The problem: Once you reach the line containing "The aft cabin" in the entries below, write out that line and each one after it down to the line containing "Fabletics Knee Length", exactly and with nothing added.

Data for analysis:
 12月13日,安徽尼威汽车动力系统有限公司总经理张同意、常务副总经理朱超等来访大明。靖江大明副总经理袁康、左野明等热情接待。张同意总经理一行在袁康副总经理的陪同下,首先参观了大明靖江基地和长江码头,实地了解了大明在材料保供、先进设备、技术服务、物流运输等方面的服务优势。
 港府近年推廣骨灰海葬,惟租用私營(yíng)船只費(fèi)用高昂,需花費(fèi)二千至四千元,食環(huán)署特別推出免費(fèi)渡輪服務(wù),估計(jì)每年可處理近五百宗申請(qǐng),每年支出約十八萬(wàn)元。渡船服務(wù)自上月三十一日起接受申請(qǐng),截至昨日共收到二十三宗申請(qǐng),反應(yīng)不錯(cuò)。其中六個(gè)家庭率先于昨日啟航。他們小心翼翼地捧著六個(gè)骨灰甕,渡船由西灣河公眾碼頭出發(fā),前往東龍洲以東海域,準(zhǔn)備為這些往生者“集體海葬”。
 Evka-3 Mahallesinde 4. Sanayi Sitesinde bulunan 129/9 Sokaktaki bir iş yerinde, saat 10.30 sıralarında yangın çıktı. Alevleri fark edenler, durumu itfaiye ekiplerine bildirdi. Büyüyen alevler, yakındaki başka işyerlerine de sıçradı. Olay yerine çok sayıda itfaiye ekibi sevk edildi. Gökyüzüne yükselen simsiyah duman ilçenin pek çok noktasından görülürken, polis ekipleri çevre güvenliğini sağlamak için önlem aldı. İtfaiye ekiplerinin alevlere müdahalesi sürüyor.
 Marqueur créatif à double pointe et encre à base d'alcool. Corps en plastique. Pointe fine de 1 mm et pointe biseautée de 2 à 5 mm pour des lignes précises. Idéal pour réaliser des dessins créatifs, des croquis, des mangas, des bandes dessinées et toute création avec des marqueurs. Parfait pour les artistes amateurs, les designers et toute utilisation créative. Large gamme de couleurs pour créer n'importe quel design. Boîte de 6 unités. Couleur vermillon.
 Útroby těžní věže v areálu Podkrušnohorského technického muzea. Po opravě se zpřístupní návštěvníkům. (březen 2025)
==
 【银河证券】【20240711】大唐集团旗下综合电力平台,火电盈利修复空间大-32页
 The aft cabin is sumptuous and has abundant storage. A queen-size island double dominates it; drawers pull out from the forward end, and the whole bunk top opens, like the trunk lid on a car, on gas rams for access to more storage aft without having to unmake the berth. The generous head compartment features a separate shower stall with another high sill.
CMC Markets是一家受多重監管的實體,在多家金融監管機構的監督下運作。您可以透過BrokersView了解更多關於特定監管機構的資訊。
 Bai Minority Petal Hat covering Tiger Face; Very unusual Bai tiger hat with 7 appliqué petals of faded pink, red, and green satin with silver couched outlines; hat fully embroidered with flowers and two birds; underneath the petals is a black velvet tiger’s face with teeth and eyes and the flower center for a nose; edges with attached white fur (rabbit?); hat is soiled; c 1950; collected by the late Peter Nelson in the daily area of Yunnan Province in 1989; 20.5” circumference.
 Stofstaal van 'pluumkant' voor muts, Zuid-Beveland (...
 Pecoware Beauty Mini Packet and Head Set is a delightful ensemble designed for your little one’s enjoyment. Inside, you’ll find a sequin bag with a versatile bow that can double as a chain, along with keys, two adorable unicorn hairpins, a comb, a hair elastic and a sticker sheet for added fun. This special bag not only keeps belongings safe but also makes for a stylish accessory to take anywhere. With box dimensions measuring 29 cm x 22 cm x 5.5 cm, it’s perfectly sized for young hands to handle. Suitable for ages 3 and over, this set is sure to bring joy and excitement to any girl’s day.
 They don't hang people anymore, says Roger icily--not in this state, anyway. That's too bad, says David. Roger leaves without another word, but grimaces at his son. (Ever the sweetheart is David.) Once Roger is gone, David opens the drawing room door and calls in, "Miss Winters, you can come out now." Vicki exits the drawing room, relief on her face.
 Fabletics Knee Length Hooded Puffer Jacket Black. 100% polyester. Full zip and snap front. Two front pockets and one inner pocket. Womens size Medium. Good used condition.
---
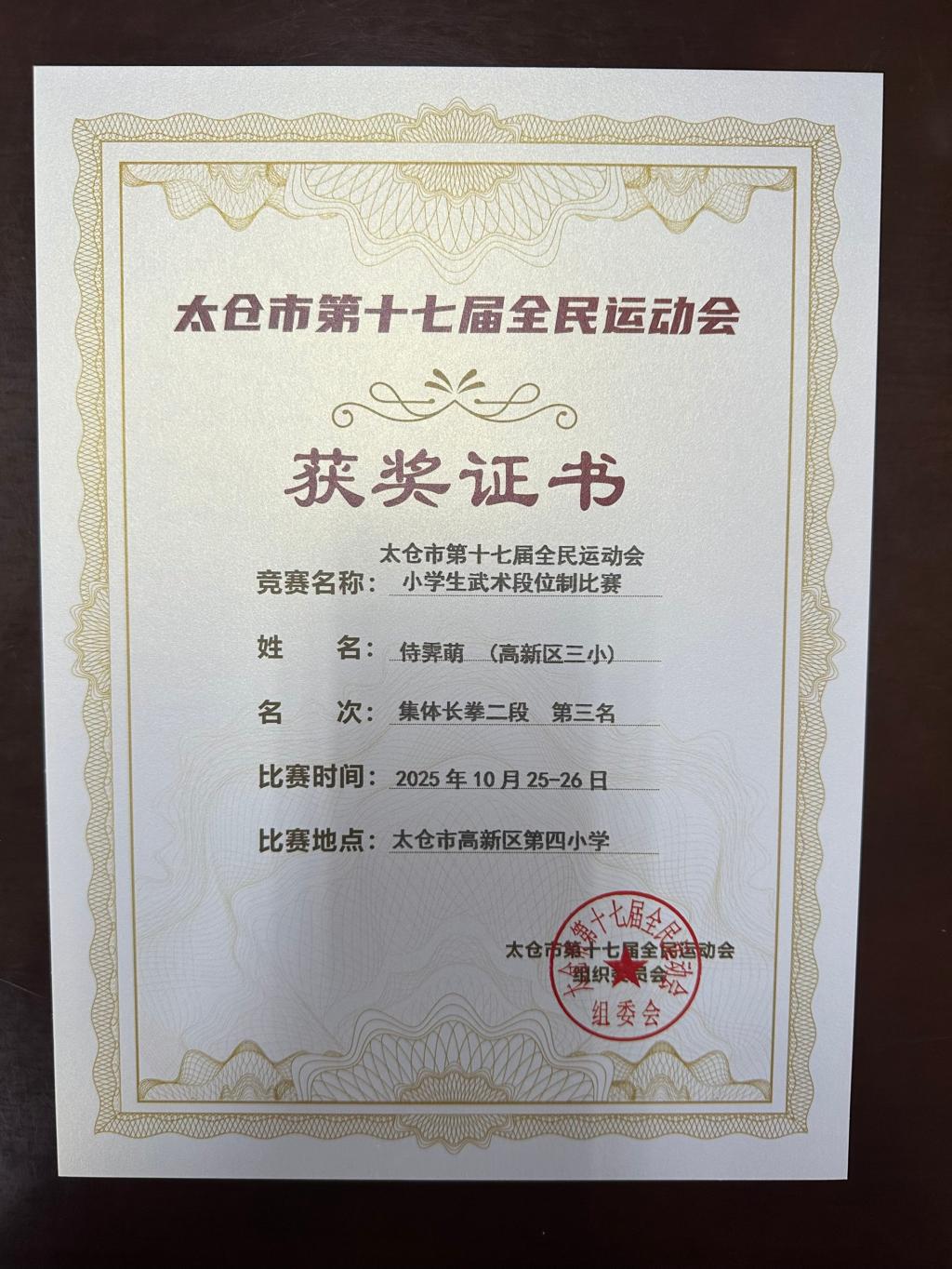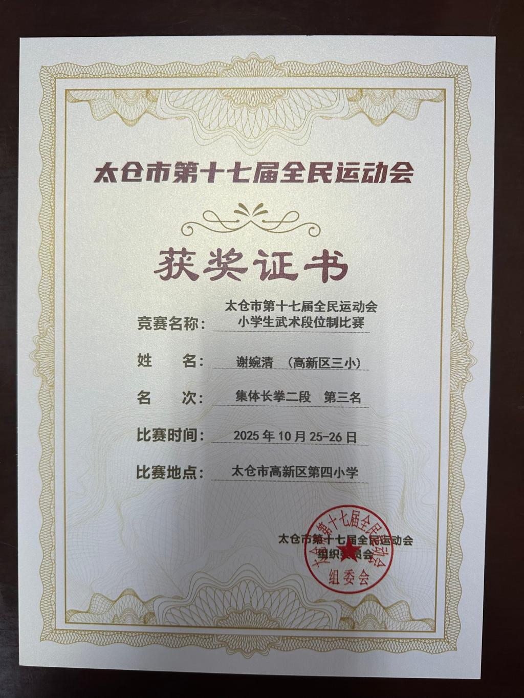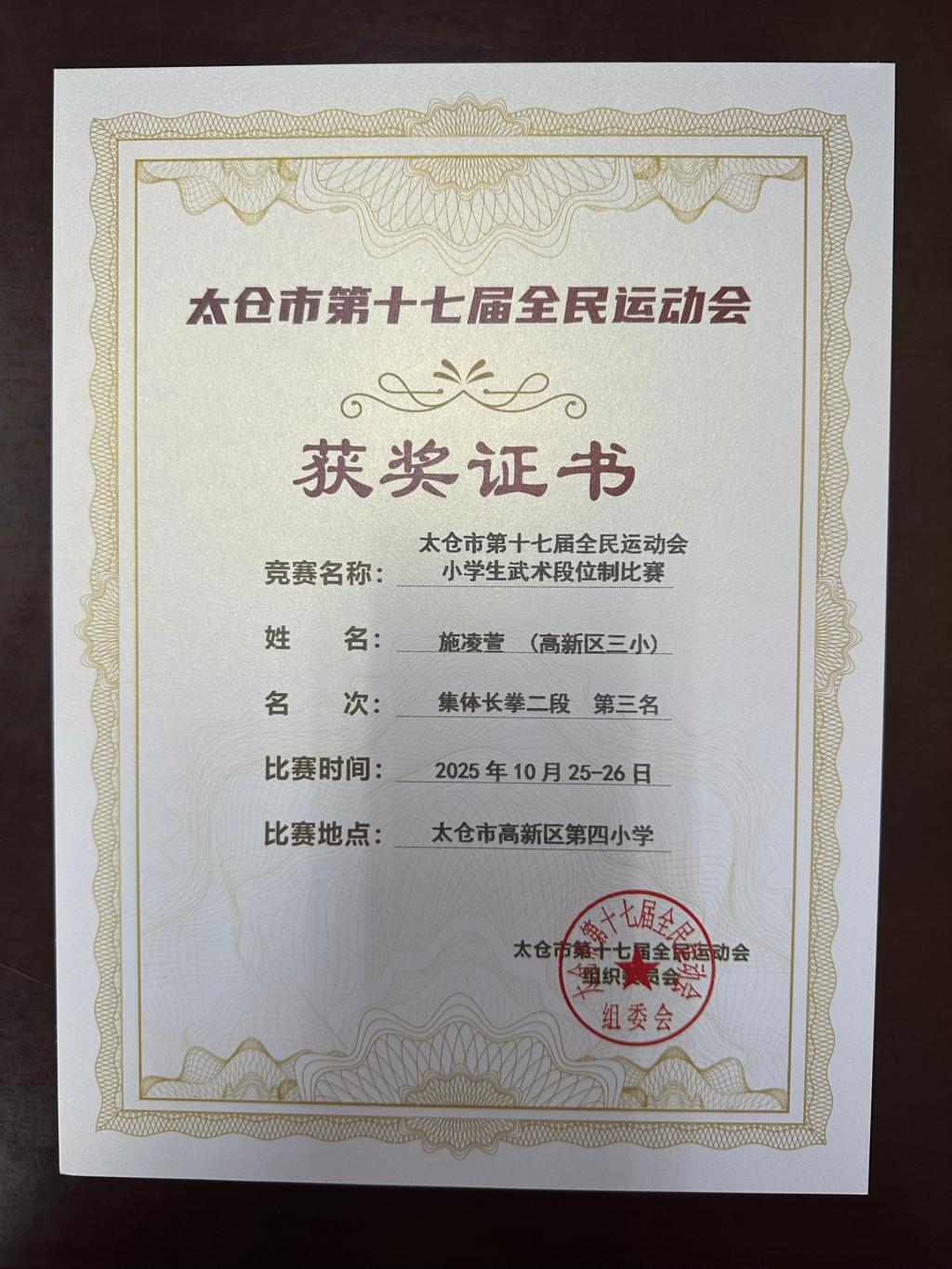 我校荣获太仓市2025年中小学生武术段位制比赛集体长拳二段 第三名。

Result of the task:
 The aft cabin is sumptuous and has abundant storage. A queen-size island double dominates it; drawers pull out from the forward end, and the whole bunk top opens, like the trunk lid on a car, on gas rams for access to more storage aft without having to unmake the berth. The generous head compartment features a separate shower stall with another high sill.
CMC Markets是一家受多重監管的實體,在多家金融監管機構的監督下運作。您可以透過BrokersView了解更多關於特定監管機構的資訊。
 Bai Minority Petal Hat covering Tiger Face; Very unusual Bai tiger hat with 7 appliqué petals of faded pink, red, and green satin with silver couched outlines; hat fully embroidered with flowers and two birds; underneath the petals is a black velvet tiger’s face with teeth and eyes and the flower center for a nose; edges with attached white fur (rabbit?); hat is soiled; c 1950; collected by the late Peter Nelson in the daily area of Yunnan Province in 1989; 20.5” circumference.
 Stofstaal van 'pluumkant' voor muts, Zuid-Beveland (...
 Pecoware Beauty Mini Packet and Head Set is a delightful ensemble designed for your little one’s enjoyment. Inside, you’ll find a sequin bag with a versatile bow that can double as a chain, along with keys, two adorable unicorn hairpins, a comb, a hair elastic and a sticker sheet for added fun. This special bag not only keeps belongings safe but also makes for a stylish accessory to take anywhere. With box dimensions measuring 29 cm x 22 cm x 5.5 cm, it’s perfectly sized for young hands to handle. Suitable for ages 3 and over, this set is sure to bring joy and excitement to any girl’s day.
 They don't hang people anymore, says Roger icily--not in this state, anyway. That's too bad, says David. Roger leaves without another word, but grimaces at his son. (Ever the sweetheart is David.) Once Roger is gone, David opens the drawing room door and calls in, "Miss Winters, you can come out now." Vicki exits the drawing room, relief on her face.
 Fabletics Knee Length Hooded Puffer Jacket Black. 100% polyester. Full zip and snap front. Two front pockets and one inner pocket. Womens size Medium. Good used condition.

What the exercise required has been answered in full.